In deze zaak heeft de rechtbank Gelderland op 3 december 2020 uitspraak gedaan in een ontnemingsprocedure tegen een veroordeelde, geboren in 1980. De officier van justitie vorderde dat de rechtbank het bedrag vaststelt van het wederrechtelijk verkregen voordeel, dat door de officier is geschat op € 98.880. De procedure begon op 28 mei 2020, waarna het onderzoek ter terechtzitting op 5 november 2020 is behandeld. De veroordeelde was aanwezig, bijgestaan door zijn raadsvrouw, mr. L.S. ter Haar. De officier van justitie, mr. L. Grooters, heeft tijdens de zitting volhard in zijn vordering.
De rechtbank heeft vastgesteld dat de veroordeelde samen met een medeverdachte € 98.880 heeft weggenomen bij een bank. De verdediging heeft betoogd dat de vordering moet worden afgewezen, omdat vrijspraak is bepleit voor het ten laste gelegde feit. De rechtbank heeft echter geoordeeld dat er voldoende bewijs is dat de veroordeelde wederrechtelijk voordeel heeft genoten, gebaseerd op een eerder vonnis waarin hij is veroordeeld voor het witwassen van € 15.480,13. De rechtbank heeft vastgesteld dat het contant uitgegeven geldbedrag van € 15.480,13 afkomstig is van misdrijf, en dat er geen verifieerbare verklaring is voor dit bedrag.

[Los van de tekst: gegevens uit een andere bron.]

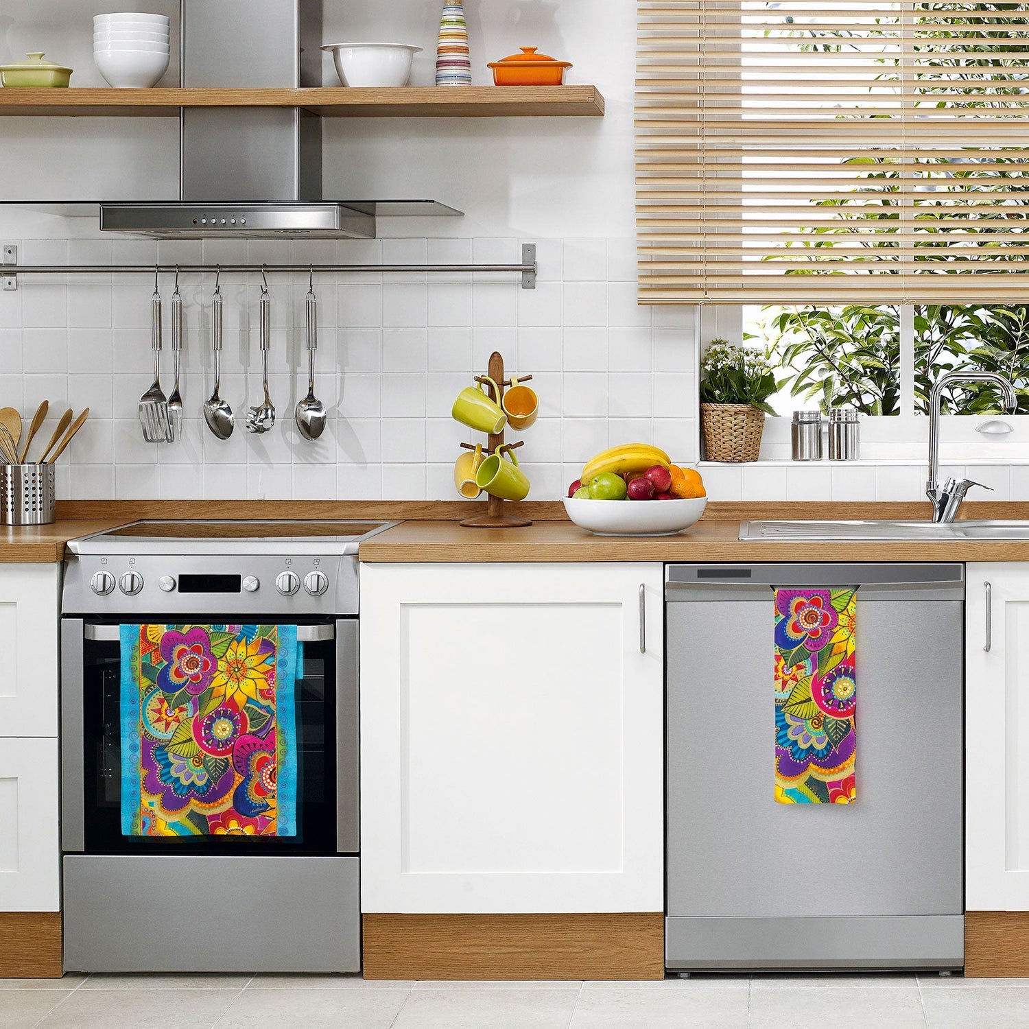 Laurel Burch Carlotta's Garden Cotton Tea Towel – Flat Weave, Absorbent

De rechtbank heeft de vordering van de officier van justitie toegewezen en de veroordeelde veroordeeld tot betaling van het wederrechtelijk verkregen voordeel aan de Staat. De beslissing is gegrond op artikel 36e van het Wetboek van Strafrecht, en de rechtbank heeft de duur van de gijzeling vastgesteld op maximaal 309 dagen. De uitspraak is gedaan door een meervoudige kamer, bestaande uit drie rechters, en is openbaar uitgesproken.